I am using Pyspark, and I have 4 data frames, each having the same schema. I want to count the distinct ids in them all.
But if I do:
combined_df1 = (df1.select('id')) \
.union(df2.select('id')) \
.union(df3.select('id')) \
.union(df4.select('id'))
combined_df1.select('id').distinct().count()
I get a higher figure than if I do:
combined_df2 = df1 \
.union(df2) \
.union(df3) \
.union(df4)
combined_df2.select('id').distinct().count()
About 10% more rows returned, not an insignificant amount. What's going on here?

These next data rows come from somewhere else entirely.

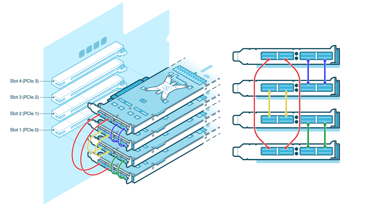 Connect QSFP-DD cables. The included Quad Small Form-factor Pluggable Double Density (QSFP-DD) cables enable high-speed interconnectivity between the Tenstorrent Tensix cores. Your system includes four Blackhole™ processors and eight external QSFP-DD cables to create the processor mesh. Connect the eight cables according to the system topology diagram below. Ensure each cable is aligned correctly and clicks into place; do not force the connections.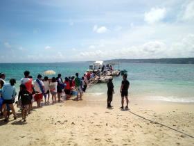 訪れたのは7月下旬とシーズン真っ盛りではあったとはいえ、せいぜい観光客がいても数十人だと思ったら、チケット売り場で聞いたところによると、本日既に150人以上が上陸してますとのこと。昼過ぎに訪れたので、既に帰っている人もいるとは思いますが、それにしても凄い人数。慶良間諸島の安慶名敷島も無人島なのに3、40人ぐらいいたことはありますが、その比ではありません。人気なんですねぇ・・・。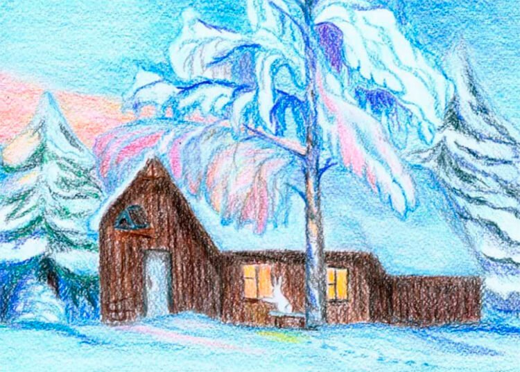 ![Зимний пейзаж цветными карандашами]()

Why does it matter whether I select distinct id
before or after the union? It's the same list of id
s either way isn't it?
CodePudding user response:
It is difficult to be sure, but my guess is that your columns/schemas in each dataframe do not have the same order. union
merges your dataframe into one big dataframe where the ID column of the first dataframe is "unioned" with another column of the next dataframes. Therefores, the disctint "fails" because it tries to dedup inapropriated values.
The solution is to replace union
with unionByName
.
To answer exactly your question :
Why does it matter whether I select distinct id before or after the union?
TL;DR ==> Union does not distinct the values.
Let's take a simple example, with 2 dataframes :
df1:
id |
---|
2 |
2 |
3 |
df2:
id |
---|
1 |
1 |
3 |
id1.distinct ==> [2,3]
id2.distinct ==> [1,3]
id1.distinct().union(id2.distinct) ==> ([2,3]).union([1,3]) ==> [2,3,1,3] (4 elements)
id1.union(id2) ==> [2,2,3,1,1,3]
id1.union(id2).distinct() ==> [1,2,3] (only 3 elements)
You see that doing the distinct afterwards removes the duplicates that exist between your dataframes.